Since then the situation has changed significantly. We are convinced that there is nothing in the cell except atoms and molecules. And it obeys the same physical laws as inanimate objects, as physicists who rushed into biology in the 40s were able to verify precisely in search of some fundamentally new laws of nature unknown to physics. All reactions of cellular metabolism are carried out under the control of biocatalysts - enzymes, the structure of which is recorded in the DNA of genes. This record is transmitted in the information transfer chain DNA RNA PROTEIN.

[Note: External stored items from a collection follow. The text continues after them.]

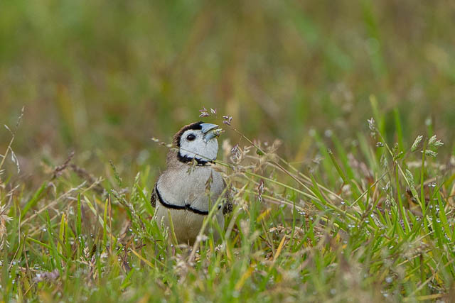 I spotted two Double-barred Finches on the grass. I sat down low and waited for them to get closer.
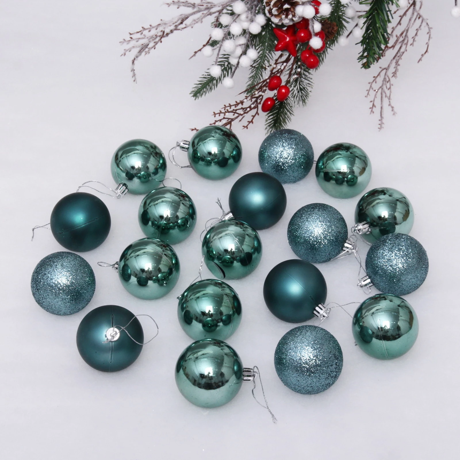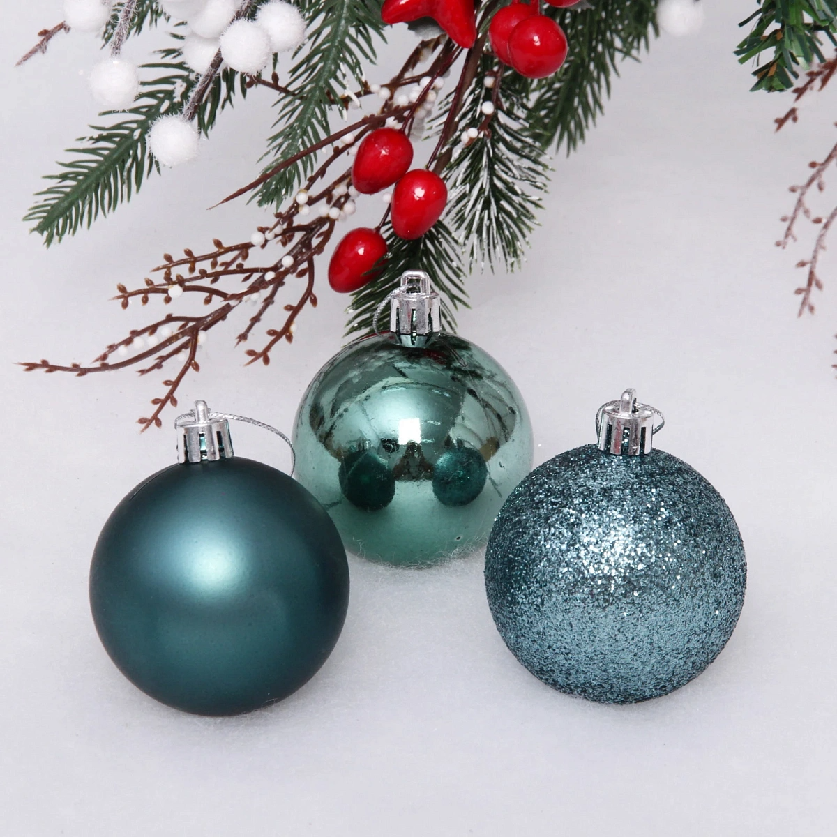 Новогодние шары 6 см (набор 24 шт) "Микс фактур", темный нефрит
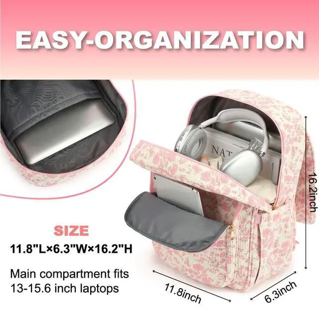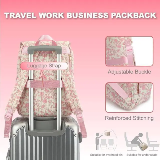 Premium Material: High-quality corduroy laptop backpack fabric is wear-resistant and skin-friendly, soft in texture and not easy to deform. Whether used as a nurse bag, teacher bag or travel bag, it meets needs of different scenes, balancing comfort and practicality. ^^ Luggage Strap Compatibility & Airline-Approved Size: Equipped with a luggage strap for attaching to suitcases and freeing hands, the 11.8"L 6.3"W 16.2"H size meets airline approval. This corduroy laptop backpack makes travel storage more convenient and efficient.
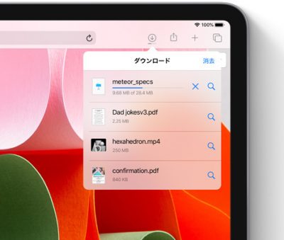 ダウンロード中のアイテムや最近ダウンロードしたものがSafariに表示されるので、ファイルアプリの新しいダウンロードフォルダで簡単にアクセスできます。
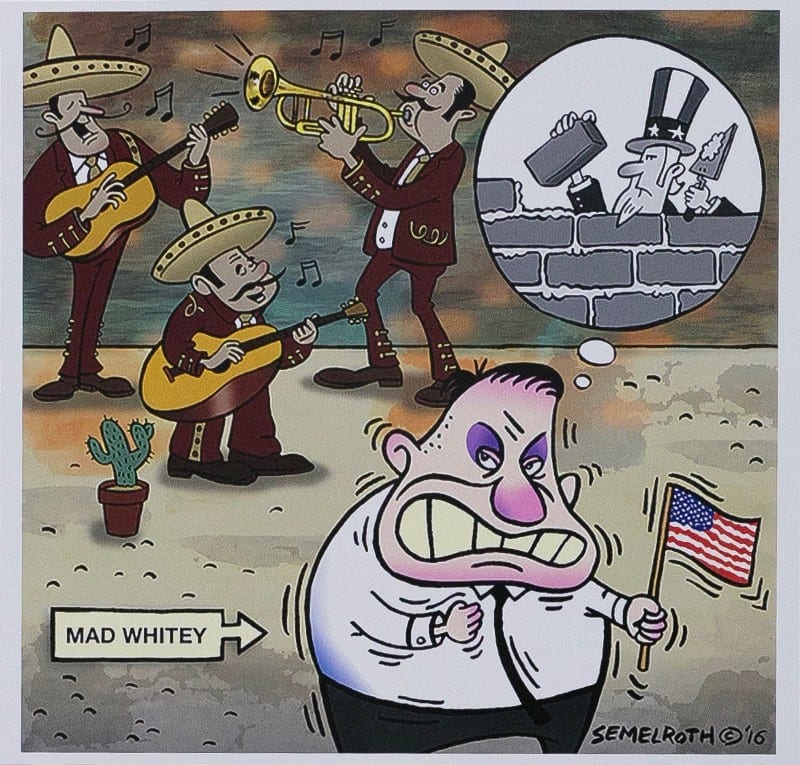 “It feels like reason has sort of flown the coop,” says artist Eric Semelroth. “The people on the right talk about generalities and making America great again. But what does that even mean? Maybe people who support Trump’s immigration policies haven’t seen the economic impact of immigrants in this country, the good they do and the businesses they start. Maybe once they see the good in that they might soften their immigration positions, but I can’t think the way they do. I just have to keep on doing what I do with my art to foster a discussion. I don’t know if it’s going to persuade anybody, but I’ve got to say what I’ve got to say.”
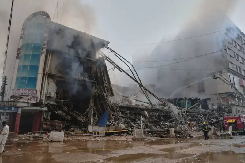 పాకిస్తాన్ దక్షిణ ఓడరేవు నగరం కరాచీ (Karachi) లో ఆదివారం అగ్నిమాపక సిబ్బంది దాదాపు 24 గంటల పాటు శ్రమించి బహుళ అంతస్తుల షాపింగ్ ప్లాజాలో సంభవించిన మంటలను ఆర్పారు.
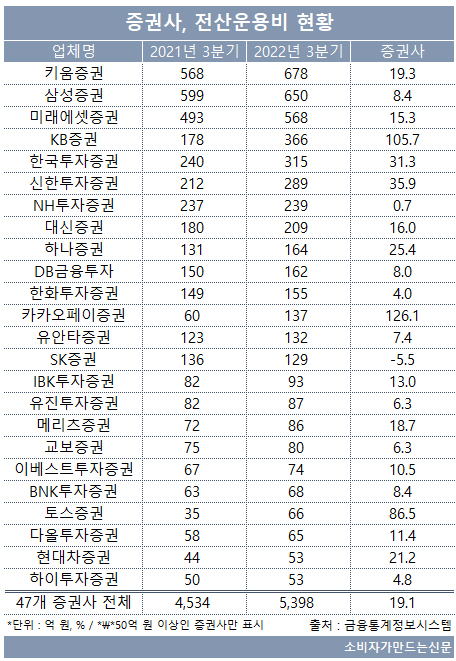 30일 금융통계정보시스템에 따르면 지난해 3분기 기준 47개 증권사의 전산운용비는 5398억 원으로 전년 동기 4534억 원 대비 19.1% 증가했다. 전산운용에 50억 원 이상을 투자하는 증권사 가운데 전산운용비가 줄어든 곳은 SK증권 단 한 곳뿐이었다.
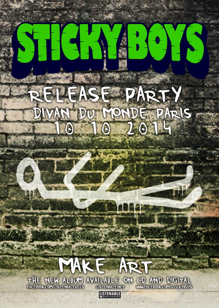 "Make Art" est le reflet de ce qu'ont voulu les STICKY BOYS et de ce qu'ils vivent au quotidien. 11 nouvelles chansons hard rock 'n roll speed punk parmi lesquelles "Mary Christmas" que nous vous proposons d'écouter aujourd'hui en exclusivité avant le prochains rendez-vous fixé par le groupe le 10 octobre 2014 pour une release party au Divan du Monde (Paris), afin de découvrir en leur compagnie ce nouvel album.
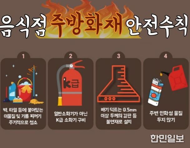 김종욱 천안서북소방서장은 “음식점 주방은 화기 사용이 많고 기름이 쉽게 쌓이는 환경인 만큼, 주기적인 청소와 함께 K급 소화기 비치가 필수”라며 “조리 중 자리를 비우지 않고 주변에 인화성 물질을 두지 않는 등 기본 안전수칙을 준수해 달라”고 당부했다.

First, information recorded in the form of alternating deoxyribonucleotides on one of the two complementary chains in the DNA of a gene is copied onto a single-stranded molecule of informational ribonucleic acid - mRNA (also known as mRNA from the English messenger - carrier). This is the process of transcription. At the next stage, the sequence of amino acid residues of the polypeptide is constructed from the mRNA matrix. This creates the primary structure of the future protein molecule. This is the translation process. The primary structure determines the way the protein molecule is folded and thereby determines its enzymatic or some other, such as structural or regulatory, function.

These ideas originated in the early 40s, when J. Beadle and E. Tatum put forward their famous slogan “One gene - one enzyme” *. He, like political slogans, divided the scientific community into supporters and opponents of the hypothesis about the equality of the number of genes and the number of enzymes in the cell. The arguments in the discussion that arose were the facts obtained during the development of the so-called gene-enzyme systems, in which mutations of genes were studied, their location within genes was determined and changes in the enzymes encoded by these genes were taken into account: replacement of amino acid residues in their polypeptide chains, their effect on enzymatic activity etc. We now know that one enzyme can be encoded in several genes if it consists of different subunits, that is, different polypeptide chains. We know that there are genes that do not encode polypeptides at all. These are genes encoding transfer RNAs (tRNAs) or ribosomal RNAs (rRNAs) involved in protein synthesis.

In its original form, the principle of “One gene - one enzyme” is rather of historical interest, but deserves a monument, since it stimulated the creation of an entire scientific field - comparative molecular biology of the gene, in which genes - units of hereditary information appear as independent subjects of study.